→ **Task item**: Exactly how many lines in the data below contain the string "dogs"? Give that number and nothing else.
[Dataset extract]
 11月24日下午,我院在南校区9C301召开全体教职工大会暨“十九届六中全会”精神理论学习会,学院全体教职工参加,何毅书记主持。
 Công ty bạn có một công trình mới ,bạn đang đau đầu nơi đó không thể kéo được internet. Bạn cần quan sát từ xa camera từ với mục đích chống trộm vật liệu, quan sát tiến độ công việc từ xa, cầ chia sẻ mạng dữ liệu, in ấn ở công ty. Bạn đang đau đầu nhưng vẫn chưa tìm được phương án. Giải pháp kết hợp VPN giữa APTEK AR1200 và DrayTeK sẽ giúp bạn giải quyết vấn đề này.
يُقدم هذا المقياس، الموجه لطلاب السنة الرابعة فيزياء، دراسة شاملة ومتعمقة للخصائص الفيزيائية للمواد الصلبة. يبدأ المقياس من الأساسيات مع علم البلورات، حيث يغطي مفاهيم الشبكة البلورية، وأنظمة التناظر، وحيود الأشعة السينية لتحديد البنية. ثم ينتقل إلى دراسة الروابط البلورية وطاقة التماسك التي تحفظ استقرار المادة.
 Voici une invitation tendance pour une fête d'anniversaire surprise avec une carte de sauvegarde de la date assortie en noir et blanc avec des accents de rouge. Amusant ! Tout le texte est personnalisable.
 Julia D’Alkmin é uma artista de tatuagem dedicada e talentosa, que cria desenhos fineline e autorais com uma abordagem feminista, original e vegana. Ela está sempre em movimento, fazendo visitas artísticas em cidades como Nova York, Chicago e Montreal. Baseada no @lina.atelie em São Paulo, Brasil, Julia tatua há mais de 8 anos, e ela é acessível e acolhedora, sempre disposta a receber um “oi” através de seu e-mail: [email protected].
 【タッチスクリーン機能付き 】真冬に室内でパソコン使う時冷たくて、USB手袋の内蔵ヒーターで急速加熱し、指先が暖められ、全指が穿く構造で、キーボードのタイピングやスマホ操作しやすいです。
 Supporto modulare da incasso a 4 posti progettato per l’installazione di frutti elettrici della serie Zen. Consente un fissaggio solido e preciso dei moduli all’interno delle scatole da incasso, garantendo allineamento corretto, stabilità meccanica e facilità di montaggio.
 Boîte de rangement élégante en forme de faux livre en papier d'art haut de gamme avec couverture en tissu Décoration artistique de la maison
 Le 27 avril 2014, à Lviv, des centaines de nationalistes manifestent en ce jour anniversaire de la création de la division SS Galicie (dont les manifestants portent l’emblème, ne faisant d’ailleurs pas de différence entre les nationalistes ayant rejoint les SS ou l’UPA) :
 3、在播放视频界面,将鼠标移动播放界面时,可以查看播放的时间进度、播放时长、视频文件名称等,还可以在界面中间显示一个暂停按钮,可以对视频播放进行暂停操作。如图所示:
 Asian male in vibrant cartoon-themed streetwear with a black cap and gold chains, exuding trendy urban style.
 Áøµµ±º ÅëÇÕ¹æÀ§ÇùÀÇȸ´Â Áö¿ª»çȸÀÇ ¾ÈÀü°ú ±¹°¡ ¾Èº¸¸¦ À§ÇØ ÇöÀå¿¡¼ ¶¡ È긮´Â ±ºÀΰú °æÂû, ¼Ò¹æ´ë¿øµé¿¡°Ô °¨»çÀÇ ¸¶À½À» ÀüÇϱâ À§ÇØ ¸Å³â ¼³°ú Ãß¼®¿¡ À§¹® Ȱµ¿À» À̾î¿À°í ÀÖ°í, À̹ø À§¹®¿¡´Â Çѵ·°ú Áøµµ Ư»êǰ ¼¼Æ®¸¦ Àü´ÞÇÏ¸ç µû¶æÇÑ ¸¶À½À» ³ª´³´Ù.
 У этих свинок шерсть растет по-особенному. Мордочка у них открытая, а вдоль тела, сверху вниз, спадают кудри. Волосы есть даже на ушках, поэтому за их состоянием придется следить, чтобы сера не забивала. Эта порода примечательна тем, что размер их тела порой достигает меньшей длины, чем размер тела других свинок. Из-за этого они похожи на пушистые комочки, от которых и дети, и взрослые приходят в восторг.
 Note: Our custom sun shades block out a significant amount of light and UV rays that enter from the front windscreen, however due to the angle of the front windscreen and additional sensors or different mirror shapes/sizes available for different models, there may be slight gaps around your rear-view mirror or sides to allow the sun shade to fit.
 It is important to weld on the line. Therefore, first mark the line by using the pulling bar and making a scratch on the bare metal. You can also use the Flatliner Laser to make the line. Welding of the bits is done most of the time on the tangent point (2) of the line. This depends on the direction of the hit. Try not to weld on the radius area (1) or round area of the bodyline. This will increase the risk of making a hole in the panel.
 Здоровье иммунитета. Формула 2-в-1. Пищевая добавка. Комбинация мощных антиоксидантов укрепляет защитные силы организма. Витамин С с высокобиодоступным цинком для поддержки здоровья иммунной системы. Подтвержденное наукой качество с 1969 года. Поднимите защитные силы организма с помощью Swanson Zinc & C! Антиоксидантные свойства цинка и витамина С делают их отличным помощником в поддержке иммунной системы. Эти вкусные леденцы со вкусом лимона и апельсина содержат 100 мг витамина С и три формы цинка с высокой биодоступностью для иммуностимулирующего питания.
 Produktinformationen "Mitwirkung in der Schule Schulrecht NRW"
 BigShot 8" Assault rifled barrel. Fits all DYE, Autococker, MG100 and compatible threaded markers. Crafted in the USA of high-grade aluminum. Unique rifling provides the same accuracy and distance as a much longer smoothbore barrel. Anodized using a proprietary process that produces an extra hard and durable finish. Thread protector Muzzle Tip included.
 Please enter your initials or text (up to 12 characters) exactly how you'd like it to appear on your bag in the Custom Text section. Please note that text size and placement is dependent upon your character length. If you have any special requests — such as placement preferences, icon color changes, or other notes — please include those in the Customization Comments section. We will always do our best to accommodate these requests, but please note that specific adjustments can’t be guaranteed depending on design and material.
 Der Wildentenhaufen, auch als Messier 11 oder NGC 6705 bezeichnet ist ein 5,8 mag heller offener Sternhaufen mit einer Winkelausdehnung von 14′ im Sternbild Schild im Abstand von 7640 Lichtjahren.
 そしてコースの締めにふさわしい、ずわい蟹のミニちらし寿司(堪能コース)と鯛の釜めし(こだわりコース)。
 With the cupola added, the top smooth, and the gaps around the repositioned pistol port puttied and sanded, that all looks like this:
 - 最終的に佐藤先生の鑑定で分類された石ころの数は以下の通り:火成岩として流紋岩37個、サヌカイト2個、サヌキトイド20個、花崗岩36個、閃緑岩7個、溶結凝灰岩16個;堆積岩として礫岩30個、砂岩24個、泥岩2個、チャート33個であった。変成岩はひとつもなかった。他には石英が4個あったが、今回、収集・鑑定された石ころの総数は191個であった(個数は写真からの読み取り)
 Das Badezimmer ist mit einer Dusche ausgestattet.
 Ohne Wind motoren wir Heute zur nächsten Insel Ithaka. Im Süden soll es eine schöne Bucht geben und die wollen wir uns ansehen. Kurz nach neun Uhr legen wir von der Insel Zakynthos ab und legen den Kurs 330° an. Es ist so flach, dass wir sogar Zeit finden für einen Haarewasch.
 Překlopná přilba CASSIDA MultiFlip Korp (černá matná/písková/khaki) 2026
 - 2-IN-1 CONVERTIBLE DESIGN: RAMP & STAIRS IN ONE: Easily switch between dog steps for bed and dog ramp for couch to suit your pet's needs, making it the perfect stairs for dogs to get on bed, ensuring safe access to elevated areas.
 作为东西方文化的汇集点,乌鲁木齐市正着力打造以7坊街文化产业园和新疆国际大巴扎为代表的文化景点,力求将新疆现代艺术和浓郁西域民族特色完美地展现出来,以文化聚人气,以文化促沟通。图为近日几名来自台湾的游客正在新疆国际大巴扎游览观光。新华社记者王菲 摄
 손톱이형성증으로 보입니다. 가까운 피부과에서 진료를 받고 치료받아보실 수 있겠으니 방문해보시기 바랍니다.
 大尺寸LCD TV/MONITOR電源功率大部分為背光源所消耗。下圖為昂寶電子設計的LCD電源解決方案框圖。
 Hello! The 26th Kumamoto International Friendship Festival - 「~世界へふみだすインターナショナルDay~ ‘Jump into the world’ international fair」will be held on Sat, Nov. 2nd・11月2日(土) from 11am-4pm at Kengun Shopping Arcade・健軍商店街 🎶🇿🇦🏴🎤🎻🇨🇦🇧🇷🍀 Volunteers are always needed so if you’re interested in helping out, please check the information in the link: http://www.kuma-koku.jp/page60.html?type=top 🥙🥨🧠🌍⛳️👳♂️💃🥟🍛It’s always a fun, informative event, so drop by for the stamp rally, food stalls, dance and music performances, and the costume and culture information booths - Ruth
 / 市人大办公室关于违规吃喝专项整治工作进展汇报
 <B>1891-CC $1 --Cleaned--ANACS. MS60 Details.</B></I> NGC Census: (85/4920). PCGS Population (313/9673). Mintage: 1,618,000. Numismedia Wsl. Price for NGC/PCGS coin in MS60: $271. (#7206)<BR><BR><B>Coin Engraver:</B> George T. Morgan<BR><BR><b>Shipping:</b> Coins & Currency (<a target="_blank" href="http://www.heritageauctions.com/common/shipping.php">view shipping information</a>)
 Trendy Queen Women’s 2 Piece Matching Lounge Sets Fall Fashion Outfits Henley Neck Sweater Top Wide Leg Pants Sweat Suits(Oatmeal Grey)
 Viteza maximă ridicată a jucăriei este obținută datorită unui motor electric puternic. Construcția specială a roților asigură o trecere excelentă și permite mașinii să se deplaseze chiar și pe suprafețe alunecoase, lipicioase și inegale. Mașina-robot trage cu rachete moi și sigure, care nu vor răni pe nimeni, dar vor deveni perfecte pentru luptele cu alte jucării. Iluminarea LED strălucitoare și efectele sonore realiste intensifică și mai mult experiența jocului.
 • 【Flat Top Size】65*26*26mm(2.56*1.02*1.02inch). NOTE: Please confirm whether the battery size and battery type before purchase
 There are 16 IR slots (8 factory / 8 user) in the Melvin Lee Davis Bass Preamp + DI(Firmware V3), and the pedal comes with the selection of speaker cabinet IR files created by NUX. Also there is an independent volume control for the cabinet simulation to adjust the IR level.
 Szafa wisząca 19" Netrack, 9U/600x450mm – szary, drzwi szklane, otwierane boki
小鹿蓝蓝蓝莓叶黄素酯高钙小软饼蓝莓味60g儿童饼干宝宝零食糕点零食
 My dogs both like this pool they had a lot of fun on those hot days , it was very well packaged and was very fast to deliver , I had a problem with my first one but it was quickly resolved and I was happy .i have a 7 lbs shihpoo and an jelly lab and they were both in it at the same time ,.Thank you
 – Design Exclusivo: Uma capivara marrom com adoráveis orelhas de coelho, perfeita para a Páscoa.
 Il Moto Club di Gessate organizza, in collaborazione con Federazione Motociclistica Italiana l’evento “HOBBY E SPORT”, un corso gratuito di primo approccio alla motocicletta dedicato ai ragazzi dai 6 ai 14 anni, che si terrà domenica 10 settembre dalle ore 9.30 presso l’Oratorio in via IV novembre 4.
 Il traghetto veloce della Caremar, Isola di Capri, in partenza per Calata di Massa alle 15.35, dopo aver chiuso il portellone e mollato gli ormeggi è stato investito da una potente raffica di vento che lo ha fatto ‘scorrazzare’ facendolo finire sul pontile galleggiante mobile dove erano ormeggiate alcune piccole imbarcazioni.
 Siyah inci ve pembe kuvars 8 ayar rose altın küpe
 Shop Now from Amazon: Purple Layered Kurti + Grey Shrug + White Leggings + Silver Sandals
[/Dataset extract]
→ **The completed task**: 2